"Yuri, kau di mana?" teriak Alby yang merasa khawatir dengan keberadaan Yuri, begitu pun dengan Profesor Pilius yang membantu Alby mencari keberadaan sang murid. Sekolah belum mulai, namun kasus sudah berdatangan membuat Profesor Pilius frustrasi.
Mereka berdua berteriak sepanjang lorong asrama yang sangat luas, beberapa anak juga ikut membantu mencari Yuri. Namun, anak laki-laki itu tidak ditemukan juga dan Profesor Pilius yakin bahwa Yuri kabur dari asrama tersebut.

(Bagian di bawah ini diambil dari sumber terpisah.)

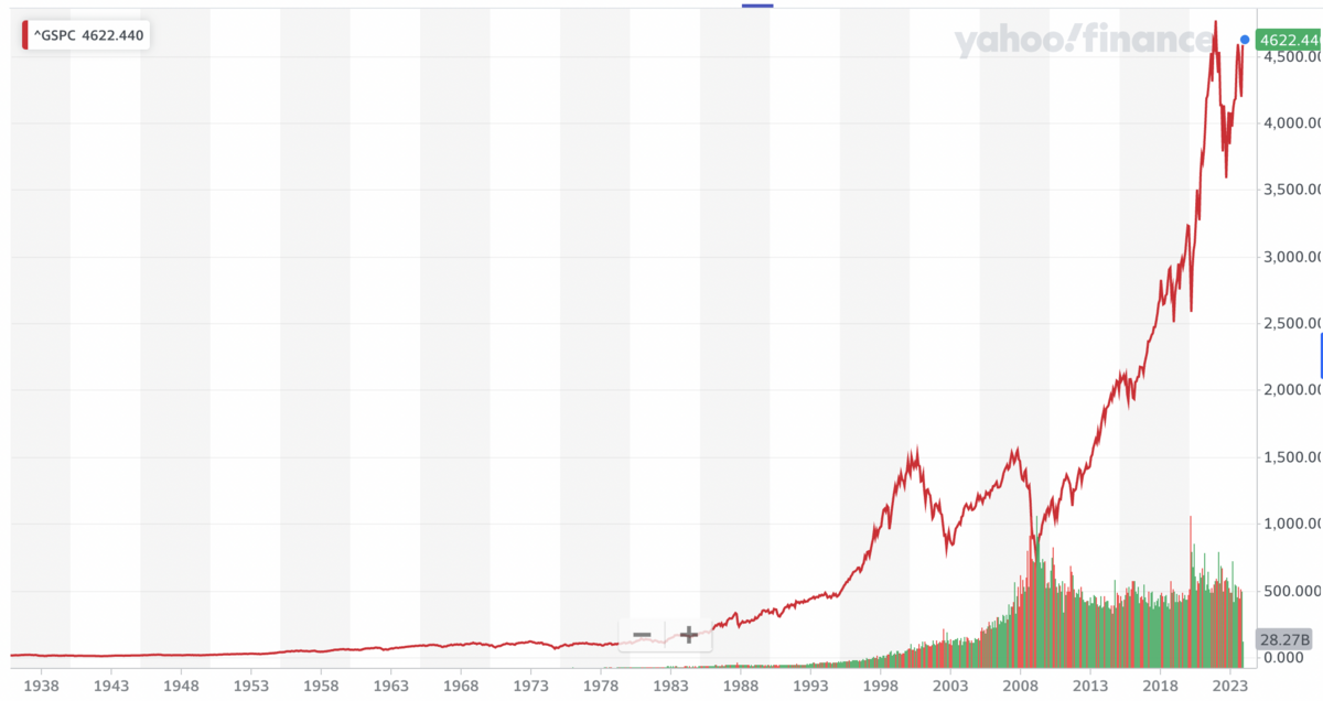 以下は米国を代表する株価指数であるS&P500の超長期チャートです。

"Tidak ada gunanya mencari Yuri, sepertinya dia tidak berada di tempat ini. Dia sudah keluar dari asrama tanpa izin," kata Profesor Pilius menerka-nerka.

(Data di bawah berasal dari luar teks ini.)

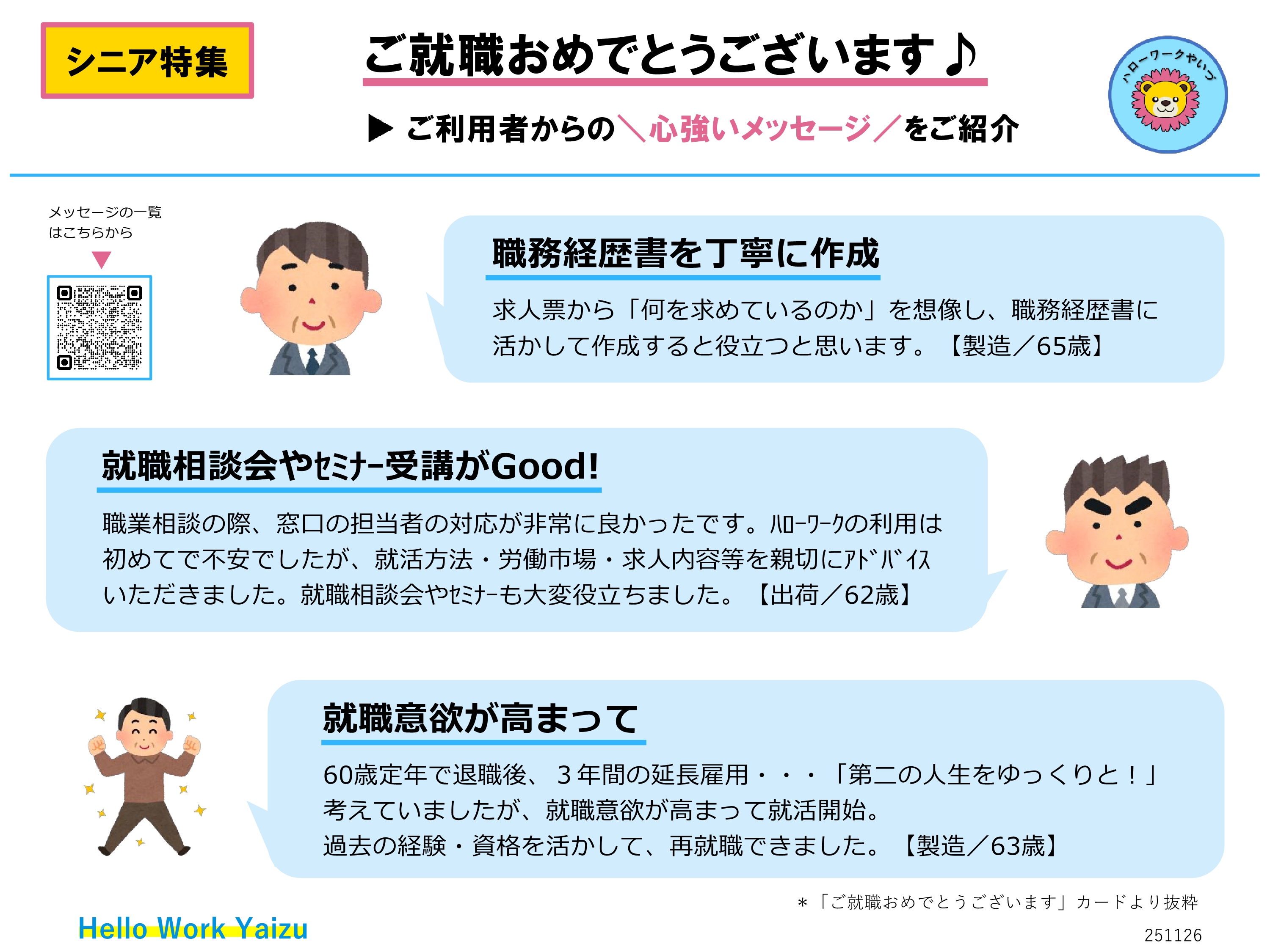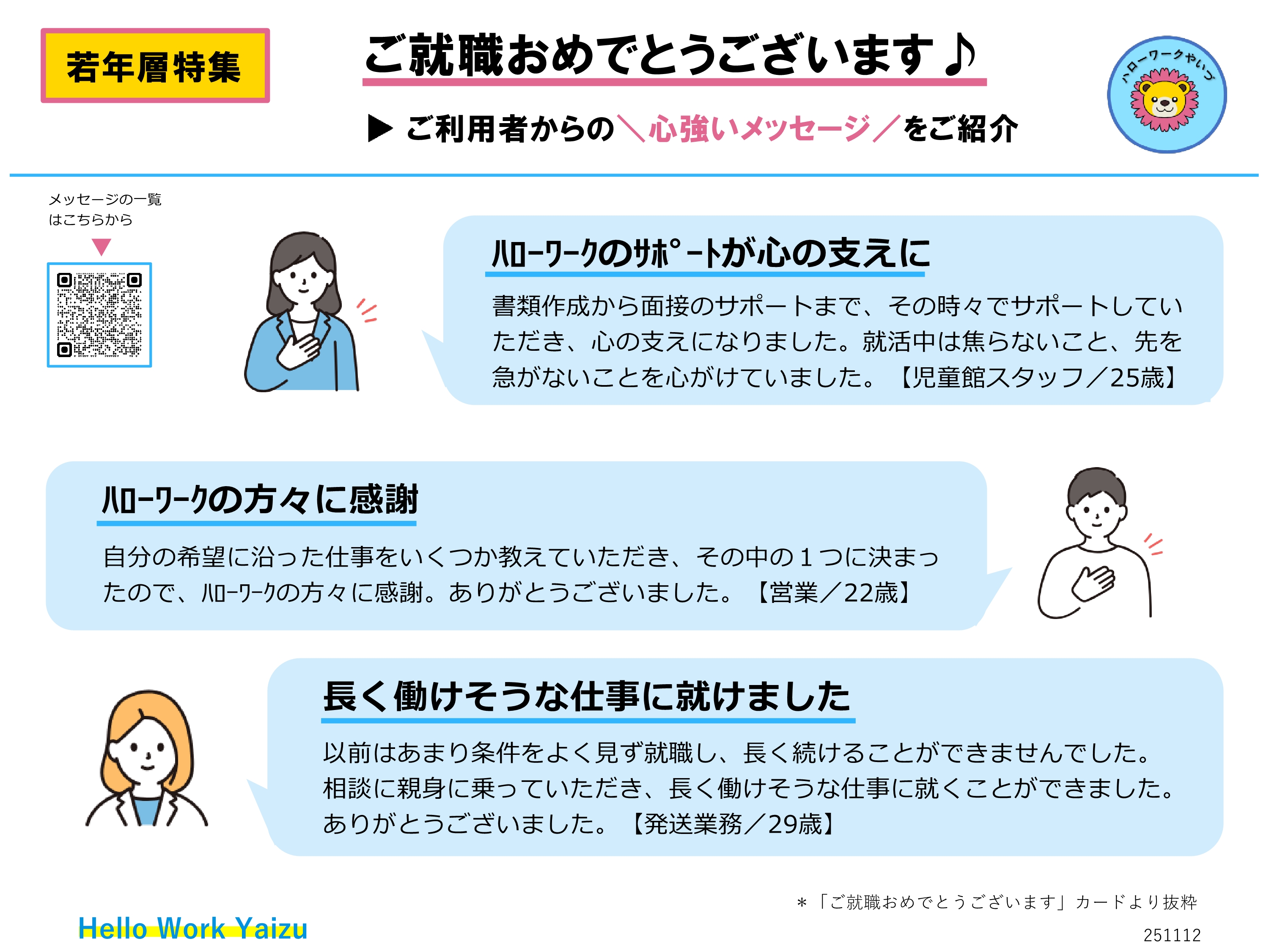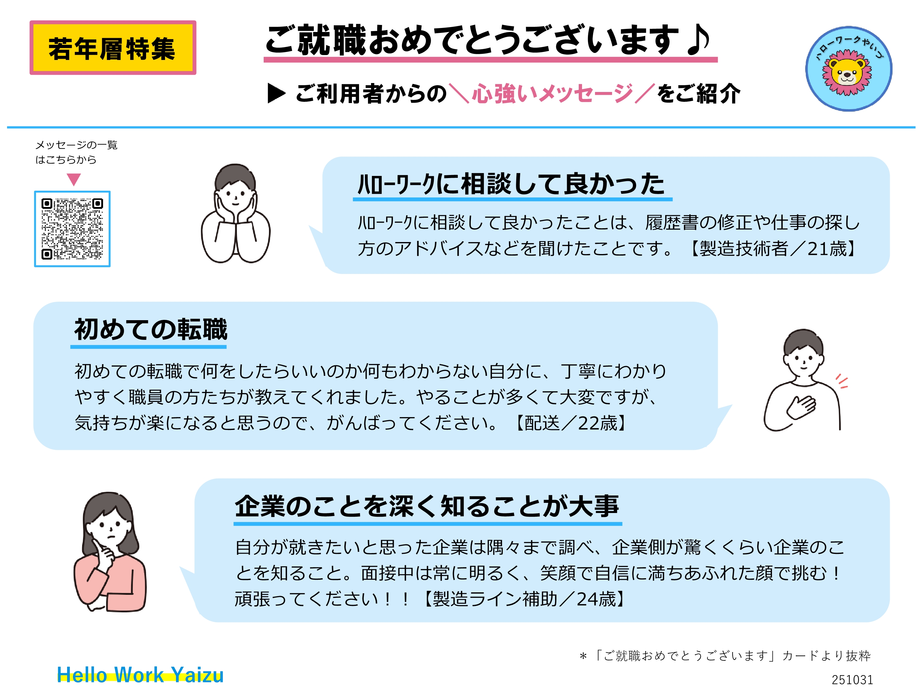 ハローワーク焼津を利用して就職された方々からの声をお届けします。 【令和7年5月】 【令和7年6月】 【令和7年7月】 【令和7年8月】 【令和7年9月】 【令和7年10月】 【令和7年11月】

Alby menatap Profesor Pilius dengan raut wajah sedih, ia tidak mungkin bersekolah di asrama ini jika Yuri tidak ada. Lalu, bagaimana dengan kedua orang tua Yuri yang selalu saja menanyakan bocah itu pada Alby? Ini akan menjadi beban untuk Alby.
"Gunakan sihirmu, Profesor. Kau pasti bisa mencari Yuri dengan akurat," kata Alby memberi saran. Pria berjanggut putih itu melihat ke arah Alby kemudian menggeleng pelan.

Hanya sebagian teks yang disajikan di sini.